On 07/25/2016 08:31 PM, Kito Cheng wrote:
Hi Jeff:
Oop, patch in attachment, and I hit this bug in gcc.dg/torture/vshuf-v2di.c
with our nds32 internal branch.
Hi Richard:
I think we really need reg dead note for some optimization, and btw,
here is our split pattern:
(define_split
[(set (match_operand:DI 0 "nds32_general_register_operand" "")
(match_operand:DI 1 "nds32_general_register_operand" ""))]
"find_regno_note (insn, REG_UNUSED, REGNO (operands[0])) != NULL
|| find_regno_note (insn, REG_UNUSED, REGNO (operands[0]) + 1) != NULL"

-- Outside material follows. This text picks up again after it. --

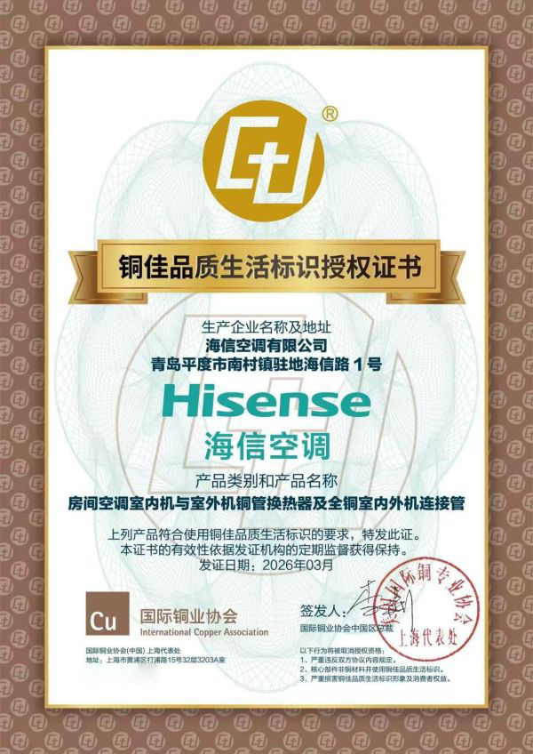 近日,海信空调正式获得国际铜业协会“铜佳品质生活标识”授权证书,并通过TUV南德第三方检测机构的材质评价认证,“海信空调 真铜实料”的品质承诺获得国际权威背书,也为广大消费者选购高品质空调提供了专业、可靠的参考依据。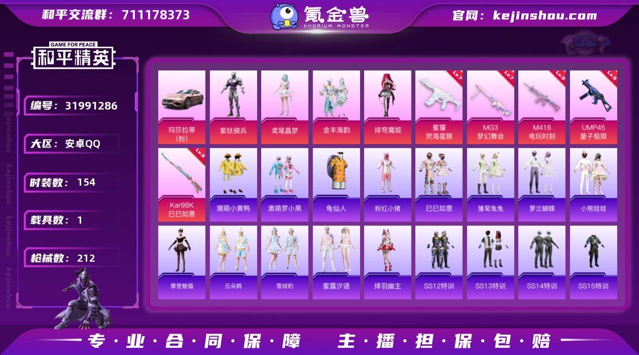 【ky465】安卓 手Q-4粉装-7特效枪-1载具-3粉色飞行器-66964热力值-14王牌印记-154套装-212枪皮 【热门品类】:套装-龟仙人,套装-潮萌小黄鸭,套装-粉红小猪 【粉色套装】:角色-紫钛骑兵,角色-鸢尾晶梦,粉装-金丰海韵,角色-绯穹魔姬 【粉色枪皮等级】:M416-电玩时刻(五级),蜜獾-荧海星豚(七级),UMP45-量子极限(五级),AKS-74U-森灵之息(五级),Kar98K-巳巳如意(五级),Mk14-福马献瑞(五级),MG3-梦幻舞会(七级) 【粉色载具】:玛莎拉蒂Ghibli(粉) 【粉色枪皮】:M416-电玩时刻,蜜獾-荧海星豚,UMP45-量子极限,AKS-74U-森灵之息,Kar98K-巳巳如意,Mk14-福马献瑞,MG3-梦幻舞会 【粉色飞行器】:炫彩糖果飞行器,鸢尾晶梦飞行器 【粉色降落伞】:绝对恒星降落伞,金风玉露降落伞,阿狸红降落伞,银刃赛罗降落伞,洛神天依降落伞,蓝莓炮弹降落伞,碧影闪光降落伞,彩虹甜喵降落伞,旋转彩虹降落伞,熔岩统帅降落伞,精灵梦叶罗丽降落伞,鸢尾晶梦降落伞,荧海星豚降落伞,炫彩糖果降落伞 【稀有套装】:套装-龟仙人,套装-巳巳如意,套装-炫彩糖果,套装-雏菊兔兔,套装-萝兰蝴蝶,套装-小熊娃娃,角色-摩登魅猫,套装-云朵鹅,套装-雪绒豹,套装-蜜露汐语,角色-绛羽幽主,角色-月烬之祷 【稀有枪皮】:AUG-冰晶雪宝,AKM-夜灯,AKM-彩虹符号,AKM-生命誓言,AKM-破晓战魂,AKM-萌趣颜团子,AKM-虎虎生威,AKM-霓虹街区,AKM-玄冥寒域,M16A4-幻世战舞者,M16A4-蓝色火焰,SCAR-L-炫彩节奏,SCAR-L-玉兔迎春,SCAR-L-红色方程式,SCAR-L-龙宫之主,M416-夜灯,M416-糯团青竹,M416-红色方程式,M416-蓝色火焰,GROZA-彩虹符号,GROZA-懵萌河马,GROZA-治愈之星,GROZA-田园牧歌,GROZA-蓝莓炮弹,GROZA-荧海星豚,AUG-天降萌叽,AUG-耀粉歌者,AUG-绝对恒星,QBZ-彩虹符号,QBZ-洛神天依,M762-天降萌...

[(set (match_dup 0) (match_dup 1))]
{
rtx dead_note = find_regno_note (curr_insn, REG_UNUSED, REGNO (operands[0]));
HOST_WIDE_INT offset;
if (dead_note == NULL_RTX)
offset = 0;
else
offset = 4;
operands[0] = simplify_gen_subreg (
SImode, operands[0],
DImode, offset);
operands[1] = simplify_gen_subreg (
SImode, operands[1],
DImode, offset);
})
This seems better suited as a generic optimization than hidden away in a
backend.
AFAICT you're just noticing a word of the output operand is dead and
eliding the load/store for that word.
In fact, I'm a bit surprised nothing has optimized this away by the time
reload/LRA is done. You might spend some time walking through
lower-subreg to see if it can be easily extended to handle your case.
Jeff